----- Working data -----

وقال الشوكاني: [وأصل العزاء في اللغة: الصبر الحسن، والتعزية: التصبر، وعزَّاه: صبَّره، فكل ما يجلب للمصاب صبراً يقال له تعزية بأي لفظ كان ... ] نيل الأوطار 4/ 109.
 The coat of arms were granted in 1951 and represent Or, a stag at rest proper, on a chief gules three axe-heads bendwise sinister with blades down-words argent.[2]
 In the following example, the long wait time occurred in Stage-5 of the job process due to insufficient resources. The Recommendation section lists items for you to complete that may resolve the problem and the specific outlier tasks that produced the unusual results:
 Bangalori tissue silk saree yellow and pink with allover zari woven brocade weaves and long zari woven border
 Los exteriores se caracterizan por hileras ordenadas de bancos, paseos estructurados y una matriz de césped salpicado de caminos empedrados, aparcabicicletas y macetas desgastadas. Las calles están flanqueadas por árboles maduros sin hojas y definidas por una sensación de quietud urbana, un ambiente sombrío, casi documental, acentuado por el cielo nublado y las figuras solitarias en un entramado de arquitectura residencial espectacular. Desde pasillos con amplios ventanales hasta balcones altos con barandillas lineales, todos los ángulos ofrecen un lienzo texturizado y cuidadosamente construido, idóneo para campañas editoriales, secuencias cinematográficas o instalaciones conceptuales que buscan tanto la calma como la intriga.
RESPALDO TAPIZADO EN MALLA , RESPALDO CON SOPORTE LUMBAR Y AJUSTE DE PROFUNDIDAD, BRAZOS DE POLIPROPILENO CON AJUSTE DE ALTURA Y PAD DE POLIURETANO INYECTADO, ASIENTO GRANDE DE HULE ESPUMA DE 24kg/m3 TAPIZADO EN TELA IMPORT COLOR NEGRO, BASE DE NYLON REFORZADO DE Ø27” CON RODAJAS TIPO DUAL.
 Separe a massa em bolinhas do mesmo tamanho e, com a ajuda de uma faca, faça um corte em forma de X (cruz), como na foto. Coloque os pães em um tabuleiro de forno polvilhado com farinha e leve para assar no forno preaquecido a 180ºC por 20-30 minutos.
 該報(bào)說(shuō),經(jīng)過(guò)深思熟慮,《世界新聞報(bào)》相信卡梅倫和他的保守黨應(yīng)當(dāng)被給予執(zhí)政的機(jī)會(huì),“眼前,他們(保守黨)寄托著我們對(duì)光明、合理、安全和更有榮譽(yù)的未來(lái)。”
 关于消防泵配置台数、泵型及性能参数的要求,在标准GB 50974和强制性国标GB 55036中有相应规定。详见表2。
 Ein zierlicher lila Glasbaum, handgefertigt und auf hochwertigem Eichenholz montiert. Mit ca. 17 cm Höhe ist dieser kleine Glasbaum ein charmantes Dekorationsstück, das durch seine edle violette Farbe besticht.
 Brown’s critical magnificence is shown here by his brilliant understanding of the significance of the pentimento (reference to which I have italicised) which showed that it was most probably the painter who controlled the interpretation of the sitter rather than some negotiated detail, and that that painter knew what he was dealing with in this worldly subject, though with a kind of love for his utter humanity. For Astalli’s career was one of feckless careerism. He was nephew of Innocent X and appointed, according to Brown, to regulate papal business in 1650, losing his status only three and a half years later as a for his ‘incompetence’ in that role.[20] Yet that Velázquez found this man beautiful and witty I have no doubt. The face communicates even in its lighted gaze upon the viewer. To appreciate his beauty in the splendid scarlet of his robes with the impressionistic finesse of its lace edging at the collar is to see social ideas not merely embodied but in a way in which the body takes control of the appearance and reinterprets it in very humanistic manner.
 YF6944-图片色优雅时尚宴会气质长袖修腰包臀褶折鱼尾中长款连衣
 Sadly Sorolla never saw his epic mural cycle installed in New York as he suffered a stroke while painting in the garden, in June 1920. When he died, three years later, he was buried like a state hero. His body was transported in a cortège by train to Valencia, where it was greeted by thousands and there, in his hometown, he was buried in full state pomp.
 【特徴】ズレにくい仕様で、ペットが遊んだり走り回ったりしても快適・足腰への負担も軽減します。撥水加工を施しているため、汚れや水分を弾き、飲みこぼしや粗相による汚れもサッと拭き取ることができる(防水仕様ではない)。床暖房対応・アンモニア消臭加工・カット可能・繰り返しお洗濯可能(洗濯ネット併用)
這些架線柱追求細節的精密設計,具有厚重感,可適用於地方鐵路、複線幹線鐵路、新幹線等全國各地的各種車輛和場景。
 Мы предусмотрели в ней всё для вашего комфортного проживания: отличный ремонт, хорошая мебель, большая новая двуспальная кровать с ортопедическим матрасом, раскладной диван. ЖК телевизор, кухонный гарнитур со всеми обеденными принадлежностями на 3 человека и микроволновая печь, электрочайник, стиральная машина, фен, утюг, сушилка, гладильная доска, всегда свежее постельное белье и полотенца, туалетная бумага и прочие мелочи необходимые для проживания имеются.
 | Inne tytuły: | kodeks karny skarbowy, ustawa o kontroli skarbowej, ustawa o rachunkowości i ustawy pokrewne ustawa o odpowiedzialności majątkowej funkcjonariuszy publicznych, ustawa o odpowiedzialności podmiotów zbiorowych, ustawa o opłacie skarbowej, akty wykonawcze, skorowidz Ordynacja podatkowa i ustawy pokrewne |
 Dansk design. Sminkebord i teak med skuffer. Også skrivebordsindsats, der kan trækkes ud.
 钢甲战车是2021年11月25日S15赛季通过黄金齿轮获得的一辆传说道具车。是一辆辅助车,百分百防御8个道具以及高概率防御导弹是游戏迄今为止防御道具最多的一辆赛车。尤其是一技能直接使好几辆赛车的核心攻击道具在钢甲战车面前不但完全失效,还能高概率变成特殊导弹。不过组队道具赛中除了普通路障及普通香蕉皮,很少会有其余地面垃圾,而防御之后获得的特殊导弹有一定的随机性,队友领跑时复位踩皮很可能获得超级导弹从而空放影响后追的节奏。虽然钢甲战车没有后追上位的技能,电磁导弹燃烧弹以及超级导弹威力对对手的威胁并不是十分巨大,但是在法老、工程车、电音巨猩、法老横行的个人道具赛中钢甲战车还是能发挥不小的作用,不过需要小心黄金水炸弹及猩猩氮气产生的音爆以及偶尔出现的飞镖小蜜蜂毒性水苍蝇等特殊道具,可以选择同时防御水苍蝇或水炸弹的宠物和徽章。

-----

Please, from the entries above, set down exactly the lines from the one containing "該報(bào)說(shuō)" through the one containing "這些架線柱追求細節的精密設計", and only those.

 該報(bào)說(shuō),經(jīng)過(guò)深思熟慮,《世界新聞報(bào)》相信卡梅倫和他的保守黨應(yīng)當(dāng)被給予執(zhí)政的機(jī)會(huì),“眼前,他們(保守黨)寄托著我們對(duì)光明、合理、安全和更有榮譽(yù)的未來(lái)。”
 关于消防泵配置台数、泵型及性能参数的要求,在标准GB 50974和强制性国标GB 55036中有相应规定。详见表2。
 Ein zierlicher lila Glasbaum, handgefertigt und auf hochwertigem Eichenholz montiert. Mit ca. 17 cm Höhe ist dieser kleine Glasbaum ein charmantes Dekorationsstück, das durch seine edle violette Farbe besticht.
 Brown’s critical magnificence is shown here by his brilliant understanding of the significance of the pentimento (reference to which I have italicised) which showed that it was most probably the painter who controlled the interpretation of the sitter rather than some negotiated detail, and that that painter knew what he was dealing with in this worldly subject, though with a kind of love for his utter humanity. For Astalli’s career was one of feckless careerism. He was nephew of Innocent X and appointed, according to Brown, to regulate papal business in 1650, losing his status only three and a half years later as a for his ‘incompetence’ in that role.[20] Yet that Velázquez found this man beautiful and witty I have no doubt. The face communicates even in its lighted gaze upon the viewer. To appreciate his beauty in the splendid scarlet of his robes with the impressionistic finesse of its lace edging at the collar is to see social ideas not merely embodied but in a way in which the body takes control of the appearance and reinterprets it in very humanistic manner.
 YF6944-图片色优雅时尚宴会气质长袖修腰包臀褶折鱼尾中长款连衣
 Sadly Sorolla never saw his epic mural cycle installed in New York as he suffered a stroke while painting in the garden, in June 1920. When he died, three years later, he was buried like a state hero. His body was transported in a cortège by train to Valencia, where it was greeted by thousands and there, in his hometown, he was buried in full state pomp.
 【特徴】ズレにくい仕様で、ペットが遊んだり走り回ったりしても快適・足腰への負担も軽減します。撥水加工を施しているため、汚れや水分を弾き、飲みこぼしや粗相による汚れもサッと拭き取ることができる(防水仕様ではない)。床暖房対応・アンモニア消臭加工・カット可能・繰り返しお洗濯可能(洗濯ネット併用)
這些架線柱追求細節的精密設計,具有厚重感,可適用於地方鐵路、複線幹線鐵路、新幹線等全國各地的各種車輛和場景。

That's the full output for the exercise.